Altogether, adenoviral overexpression offers a broad panel of possibilities for studying microglial activation as a PD model and represents a novel tool that should highly impact future PD research.
The experimental animal models of PD described so far, in one way or another, end up activating this inflammatory response, indicating that the different models of this disease show common mechanisms to some extent.
As shown above, LPS is a direct inflammatory model. On the contrary, substances such as 6-OHDA MPTP/MPP+, paraquat, or rotenone are classic toxic models that produce the specific death of dopaminergic neurons. Interestingly, its administration eventually triggers a harmful inflammatory reaction.
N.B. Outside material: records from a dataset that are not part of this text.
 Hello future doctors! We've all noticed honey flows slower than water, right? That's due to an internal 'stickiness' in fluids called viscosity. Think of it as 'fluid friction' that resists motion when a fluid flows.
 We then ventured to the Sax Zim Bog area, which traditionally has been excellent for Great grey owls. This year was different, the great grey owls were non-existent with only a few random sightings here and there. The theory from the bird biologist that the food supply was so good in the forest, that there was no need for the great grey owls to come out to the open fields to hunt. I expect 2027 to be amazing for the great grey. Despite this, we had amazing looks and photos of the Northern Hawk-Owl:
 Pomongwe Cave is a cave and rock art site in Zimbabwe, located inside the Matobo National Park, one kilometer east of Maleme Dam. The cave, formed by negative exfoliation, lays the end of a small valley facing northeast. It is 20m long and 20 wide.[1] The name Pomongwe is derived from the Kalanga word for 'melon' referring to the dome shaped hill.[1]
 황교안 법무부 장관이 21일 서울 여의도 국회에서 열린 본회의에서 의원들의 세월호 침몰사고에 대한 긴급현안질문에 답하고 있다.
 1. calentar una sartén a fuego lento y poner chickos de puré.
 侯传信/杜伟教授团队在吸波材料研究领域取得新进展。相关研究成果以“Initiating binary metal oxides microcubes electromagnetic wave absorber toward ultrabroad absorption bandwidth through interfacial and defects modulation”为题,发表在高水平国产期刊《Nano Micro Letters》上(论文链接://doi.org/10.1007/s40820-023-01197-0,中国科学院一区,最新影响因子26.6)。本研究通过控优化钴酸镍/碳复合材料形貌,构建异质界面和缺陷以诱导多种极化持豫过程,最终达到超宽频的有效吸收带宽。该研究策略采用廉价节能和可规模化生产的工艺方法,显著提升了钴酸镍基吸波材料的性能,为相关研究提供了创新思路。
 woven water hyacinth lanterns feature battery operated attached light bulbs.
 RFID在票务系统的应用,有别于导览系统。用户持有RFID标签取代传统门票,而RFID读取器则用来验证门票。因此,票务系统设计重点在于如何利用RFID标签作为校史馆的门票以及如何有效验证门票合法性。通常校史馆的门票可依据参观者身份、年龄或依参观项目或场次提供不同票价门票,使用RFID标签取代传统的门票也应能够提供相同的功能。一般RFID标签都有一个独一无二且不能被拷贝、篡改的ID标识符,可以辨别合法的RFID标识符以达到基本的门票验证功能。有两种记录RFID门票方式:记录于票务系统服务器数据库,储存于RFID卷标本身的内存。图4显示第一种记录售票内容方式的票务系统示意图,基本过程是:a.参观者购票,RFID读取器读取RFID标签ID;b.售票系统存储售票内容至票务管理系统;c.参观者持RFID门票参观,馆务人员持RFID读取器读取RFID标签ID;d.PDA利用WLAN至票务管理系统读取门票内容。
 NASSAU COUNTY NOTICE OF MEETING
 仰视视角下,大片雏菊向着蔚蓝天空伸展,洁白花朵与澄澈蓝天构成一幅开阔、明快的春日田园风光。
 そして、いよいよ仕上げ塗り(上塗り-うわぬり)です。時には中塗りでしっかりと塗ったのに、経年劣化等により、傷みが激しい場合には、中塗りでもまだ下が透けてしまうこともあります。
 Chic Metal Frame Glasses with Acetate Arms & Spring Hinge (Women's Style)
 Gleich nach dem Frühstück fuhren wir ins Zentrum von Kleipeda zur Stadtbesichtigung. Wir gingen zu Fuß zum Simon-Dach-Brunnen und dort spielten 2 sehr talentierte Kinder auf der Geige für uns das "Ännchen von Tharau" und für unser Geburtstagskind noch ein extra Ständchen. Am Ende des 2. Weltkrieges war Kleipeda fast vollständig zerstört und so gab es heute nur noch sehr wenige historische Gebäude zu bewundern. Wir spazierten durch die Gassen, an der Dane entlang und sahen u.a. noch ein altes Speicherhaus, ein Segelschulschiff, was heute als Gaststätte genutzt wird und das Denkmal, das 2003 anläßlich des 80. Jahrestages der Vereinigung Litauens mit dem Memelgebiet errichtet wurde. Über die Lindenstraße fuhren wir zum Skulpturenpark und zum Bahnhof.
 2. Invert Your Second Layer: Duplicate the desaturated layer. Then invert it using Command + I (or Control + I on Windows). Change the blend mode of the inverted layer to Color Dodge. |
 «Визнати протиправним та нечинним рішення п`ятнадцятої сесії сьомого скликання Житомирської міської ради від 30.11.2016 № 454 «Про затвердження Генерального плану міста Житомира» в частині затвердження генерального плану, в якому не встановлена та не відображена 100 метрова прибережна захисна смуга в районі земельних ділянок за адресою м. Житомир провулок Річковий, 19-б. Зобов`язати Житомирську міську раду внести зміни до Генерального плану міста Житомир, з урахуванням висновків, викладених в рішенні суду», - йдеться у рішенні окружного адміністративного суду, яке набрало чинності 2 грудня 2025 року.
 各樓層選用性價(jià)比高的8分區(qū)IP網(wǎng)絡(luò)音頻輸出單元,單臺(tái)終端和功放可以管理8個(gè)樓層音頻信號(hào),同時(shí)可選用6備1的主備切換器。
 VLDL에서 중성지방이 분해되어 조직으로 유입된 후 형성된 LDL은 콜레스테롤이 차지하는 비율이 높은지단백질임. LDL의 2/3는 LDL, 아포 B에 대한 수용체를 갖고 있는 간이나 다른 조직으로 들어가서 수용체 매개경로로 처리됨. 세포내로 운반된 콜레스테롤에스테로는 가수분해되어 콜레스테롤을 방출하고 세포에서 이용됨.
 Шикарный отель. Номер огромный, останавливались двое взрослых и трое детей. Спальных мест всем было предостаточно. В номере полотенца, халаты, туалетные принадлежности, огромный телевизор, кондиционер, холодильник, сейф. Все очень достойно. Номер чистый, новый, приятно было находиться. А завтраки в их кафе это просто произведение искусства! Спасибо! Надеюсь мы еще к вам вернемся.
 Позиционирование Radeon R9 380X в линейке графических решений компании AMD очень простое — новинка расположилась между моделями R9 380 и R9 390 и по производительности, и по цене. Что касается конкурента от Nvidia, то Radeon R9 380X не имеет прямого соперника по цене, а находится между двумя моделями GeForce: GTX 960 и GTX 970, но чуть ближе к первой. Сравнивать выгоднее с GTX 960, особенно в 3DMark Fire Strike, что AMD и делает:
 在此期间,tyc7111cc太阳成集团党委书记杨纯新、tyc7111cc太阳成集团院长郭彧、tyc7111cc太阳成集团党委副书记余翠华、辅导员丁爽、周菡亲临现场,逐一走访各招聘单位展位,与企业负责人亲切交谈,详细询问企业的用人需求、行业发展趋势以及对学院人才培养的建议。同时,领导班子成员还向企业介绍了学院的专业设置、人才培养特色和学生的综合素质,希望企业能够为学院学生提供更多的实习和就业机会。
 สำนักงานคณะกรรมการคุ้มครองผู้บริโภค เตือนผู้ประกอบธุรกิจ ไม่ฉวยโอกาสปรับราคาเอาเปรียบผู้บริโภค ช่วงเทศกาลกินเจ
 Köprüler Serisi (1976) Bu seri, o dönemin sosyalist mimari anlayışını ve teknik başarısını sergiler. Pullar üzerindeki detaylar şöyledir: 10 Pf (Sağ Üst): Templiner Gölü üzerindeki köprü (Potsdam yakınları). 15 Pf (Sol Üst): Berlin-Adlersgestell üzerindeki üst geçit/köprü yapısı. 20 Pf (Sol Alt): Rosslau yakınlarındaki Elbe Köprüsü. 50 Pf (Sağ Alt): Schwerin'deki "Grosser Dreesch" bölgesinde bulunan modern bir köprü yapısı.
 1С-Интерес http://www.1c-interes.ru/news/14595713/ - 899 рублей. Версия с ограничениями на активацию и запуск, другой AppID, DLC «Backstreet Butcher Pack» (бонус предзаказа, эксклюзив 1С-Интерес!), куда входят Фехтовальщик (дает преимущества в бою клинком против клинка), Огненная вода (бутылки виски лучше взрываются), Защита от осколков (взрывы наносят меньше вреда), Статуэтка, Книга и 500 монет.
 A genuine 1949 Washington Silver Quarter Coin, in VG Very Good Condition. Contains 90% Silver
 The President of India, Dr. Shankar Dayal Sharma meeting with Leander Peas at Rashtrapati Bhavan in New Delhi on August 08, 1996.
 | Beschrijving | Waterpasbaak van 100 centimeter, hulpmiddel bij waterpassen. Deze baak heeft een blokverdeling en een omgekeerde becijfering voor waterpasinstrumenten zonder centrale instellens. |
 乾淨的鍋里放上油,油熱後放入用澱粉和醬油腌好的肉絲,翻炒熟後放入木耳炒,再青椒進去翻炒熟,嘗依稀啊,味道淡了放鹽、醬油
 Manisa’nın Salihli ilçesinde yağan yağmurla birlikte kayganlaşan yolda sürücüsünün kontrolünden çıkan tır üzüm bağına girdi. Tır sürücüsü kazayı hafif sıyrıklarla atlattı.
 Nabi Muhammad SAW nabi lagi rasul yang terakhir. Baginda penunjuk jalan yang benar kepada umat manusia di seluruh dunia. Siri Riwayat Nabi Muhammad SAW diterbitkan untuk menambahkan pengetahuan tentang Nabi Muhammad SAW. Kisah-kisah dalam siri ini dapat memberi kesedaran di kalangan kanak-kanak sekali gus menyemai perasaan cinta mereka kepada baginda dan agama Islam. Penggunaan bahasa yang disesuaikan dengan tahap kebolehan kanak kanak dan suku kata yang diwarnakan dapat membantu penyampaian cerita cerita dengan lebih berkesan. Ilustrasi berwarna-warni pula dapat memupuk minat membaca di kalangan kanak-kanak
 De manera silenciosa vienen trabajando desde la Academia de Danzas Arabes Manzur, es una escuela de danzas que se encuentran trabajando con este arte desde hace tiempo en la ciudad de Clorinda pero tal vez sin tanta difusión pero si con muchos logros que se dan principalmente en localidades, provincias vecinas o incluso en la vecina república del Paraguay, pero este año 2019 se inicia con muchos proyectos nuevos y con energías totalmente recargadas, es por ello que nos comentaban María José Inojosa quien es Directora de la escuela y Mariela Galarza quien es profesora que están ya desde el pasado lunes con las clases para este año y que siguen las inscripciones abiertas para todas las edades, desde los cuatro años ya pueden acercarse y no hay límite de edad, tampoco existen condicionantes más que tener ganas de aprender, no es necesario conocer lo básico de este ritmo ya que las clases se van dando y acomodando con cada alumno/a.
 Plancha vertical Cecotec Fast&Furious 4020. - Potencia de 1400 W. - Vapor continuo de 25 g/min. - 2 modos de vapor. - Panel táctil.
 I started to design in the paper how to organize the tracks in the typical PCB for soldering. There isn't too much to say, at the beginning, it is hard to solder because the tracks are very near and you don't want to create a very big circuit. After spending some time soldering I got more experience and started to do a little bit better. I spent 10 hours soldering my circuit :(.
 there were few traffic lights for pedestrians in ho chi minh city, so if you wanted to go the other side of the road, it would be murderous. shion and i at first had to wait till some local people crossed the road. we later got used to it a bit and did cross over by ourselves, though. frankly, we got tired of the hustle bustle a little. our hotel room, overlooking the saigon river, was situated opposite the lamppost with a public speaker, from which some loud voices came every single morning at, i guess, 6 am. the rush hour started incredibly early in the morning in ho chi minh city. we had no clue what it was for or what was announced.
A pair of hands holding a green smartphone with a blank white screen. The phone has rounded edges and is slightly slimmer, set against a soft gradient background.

In recent years, the idea that neuronal death produced by these toxic substances was followed by activation of the immune response has changed towards a scenario in which the latter is activated before (or even in the absence of) neuronal death, so that microgliosis and not neurotoxicity would be the determining factor in neuronal death. For example, MPTP administration not only induced microglial activation but also induced T lymphocyte (CD4+ and CD8+) infiltration into the brain of non-human primates [90]. Thus, both peripheral and cerebral immune responses are involved in the mechanism of death induced by MPTP.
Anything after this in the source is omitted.